Stored data entries
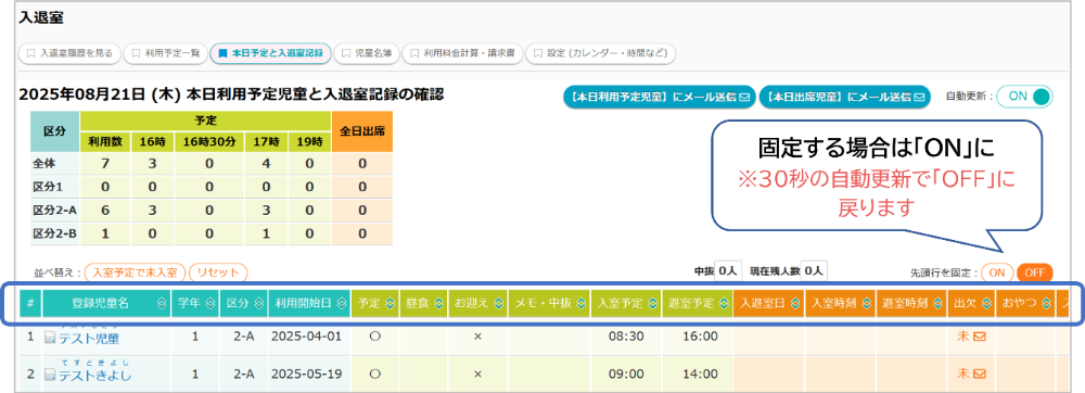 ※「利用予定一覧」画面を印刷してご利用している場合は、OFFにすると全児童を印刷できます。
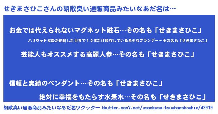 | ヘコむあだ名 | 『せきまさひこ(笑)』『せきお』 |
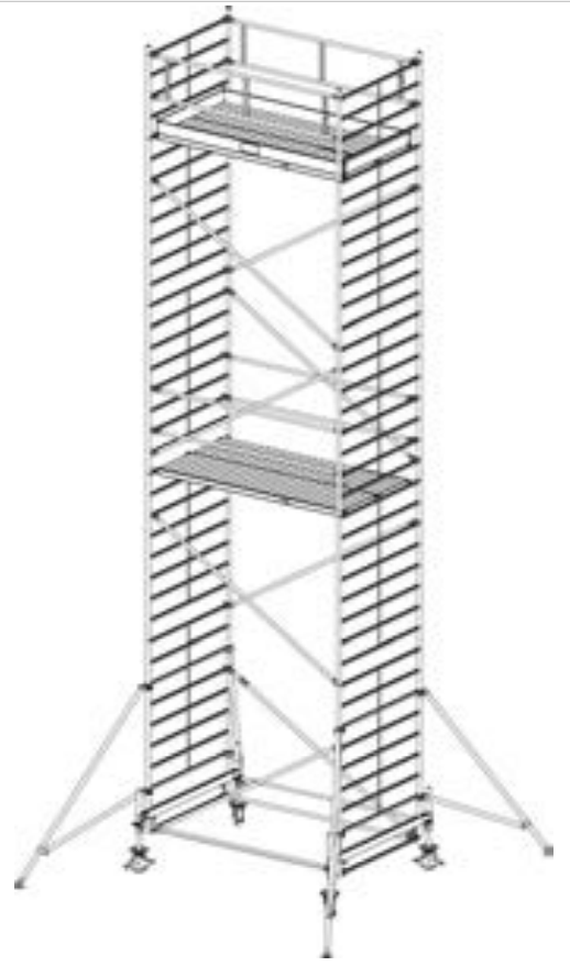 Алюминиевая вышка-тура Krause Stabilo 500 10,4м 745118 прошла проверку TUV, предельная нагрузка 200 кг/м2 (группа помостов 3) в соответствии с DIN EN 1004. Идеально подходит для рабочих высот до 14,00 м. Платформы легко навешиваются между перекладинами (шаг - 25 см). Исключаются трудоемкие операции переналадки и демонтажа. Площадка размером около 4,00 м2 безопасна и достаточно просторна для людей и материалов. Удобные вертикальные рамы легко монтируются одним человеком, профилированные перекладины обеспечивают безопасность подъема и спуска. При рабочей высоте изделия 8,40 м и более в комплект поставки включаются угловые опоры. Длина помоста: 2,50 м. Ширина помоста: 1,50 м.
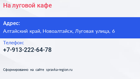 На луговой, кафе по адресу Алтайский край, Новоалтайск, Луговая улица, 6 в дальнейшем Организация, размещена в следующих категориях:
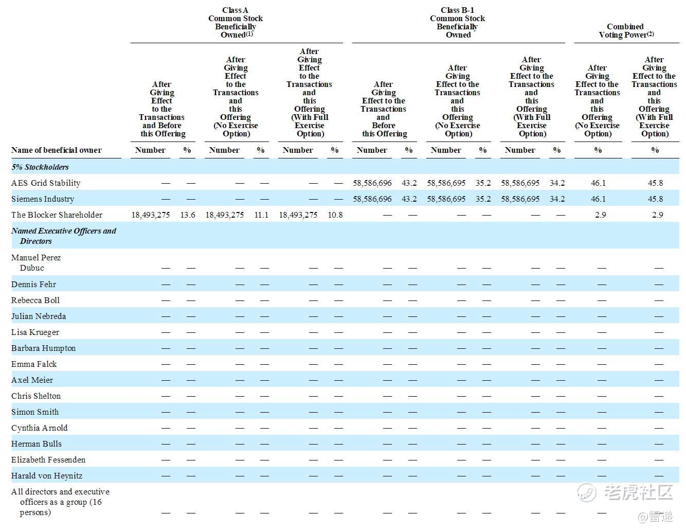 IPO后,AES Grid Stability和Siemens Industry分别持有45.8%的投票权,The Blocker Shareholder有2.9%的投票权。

» **Try it**: Set every record down verbatim. No pictures belong in the copy.

» **Answer to this task**:
 ※「利用予定一覧」画面を印刷してご利用している場合は、OFFにすると全児童を印刷できます。
 | ヘコむあだ名 | 『せきまさひこ(笑)』『せきお』 |
 Алюминиевая вышка-тура Krause Stabilo 500 10,4м 745118 прошла проверку TUV, предельная нагрузка 200 кг/м2 (группа помостов 3) в соответствии с DIN EN 1004. Идеально подходит для рабочих высот до 14,00 м. Платформы легко навешиваются между перекладинами (шаг - 25 см). Исключаются трудоемкие операции переналадки и демонтажа. Площадка размером около 4,00 м2 безопасна и достаточно просторна для людей и материалов. Удобные вертикальные рамы легко монтируются одним человеком, профилированные перекладины обеспечивают безопасность подъема и спуска. При рабочей высоте изделия 8,40 м и более в комплект поставки включаются угловые опоры. Длина помоста: 2,50 м. Ширина помоста: 1,50 м.
 На луговой, кафе по адресу Алтайский край, Новоалтайск, Луговая улица, 6 в дальнейшем Организация, размещена в следующих категориях:
 IPO后,AES Grid Stability和Siemens Industry分别持有45.8%的投票权,The Blocker Shareholder有2.9%的投票权。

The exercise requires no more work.